My gut feeling about this is that it would be as a Possessor, which is to say, the Sorcerer wanders around 'in' the Android's body, but has to relinquish control to the war programming - which has certain aims of its own - in order to really cut loose in battle or whatever.

But: what about a Stamina score? My sense is that the demon's stamina is what should matter, if the PC is a possessor in the demon's body. Further, if the demon does get waxed, the character is still OK, though his quest has taken a serious setback. So those are two big advantages, though I don't necessarily mind that if it's the only argument (i.e. I'm willing to let aesthetics and interest trump 'balance' so long as the core power/humanity conflict of the game is still preserved) against the conception.

It might require Necromancy to get such a demon - the 'hide your guts' or phylactery thing that liches and the like do.
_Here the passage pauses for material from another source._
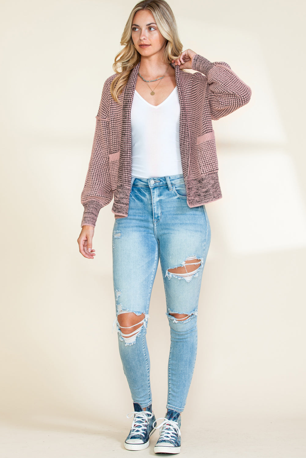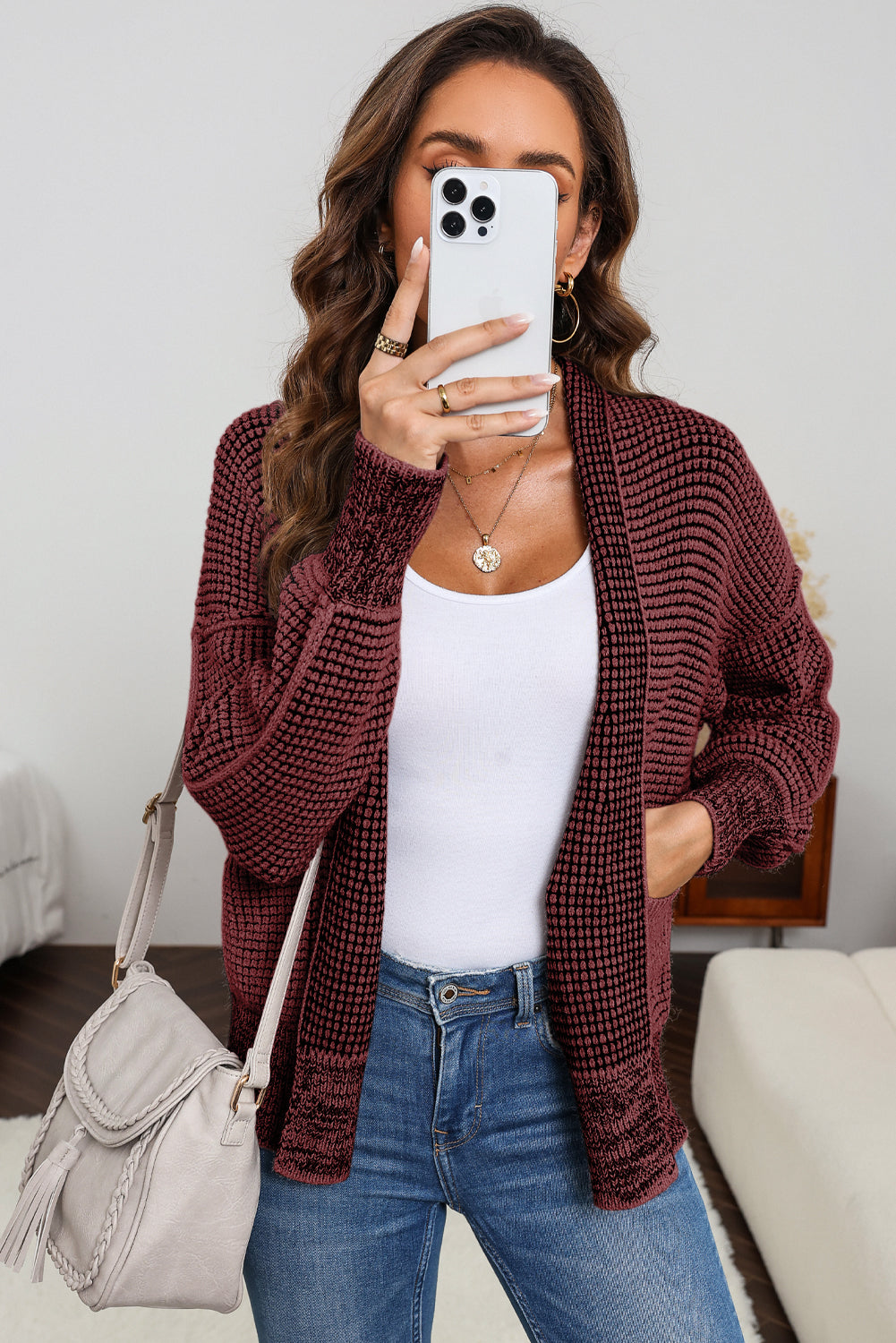 Textural Elegance: Elevate your style with the visually appealing textural element of this chunky knit cardigan, ensuring a fashionable touch to your outfit.

So that's some serious humanity burning prior to play if so.

Anyway, those are the two issues we're coping with.

Best,

Sean

DannyK

I think it's up to Paul how it should work -- I could see a Posessor which sometimes takes over control of the body, or a Parasite which withholds access to some its abilities unless the character is following the program.

Oh, it occurred to me that you could have some fun with having the android's mission rather unclear at the start of play -- sort of like how Robocop isn't aware of the secret rules programmed into his behavior until the end of the movie.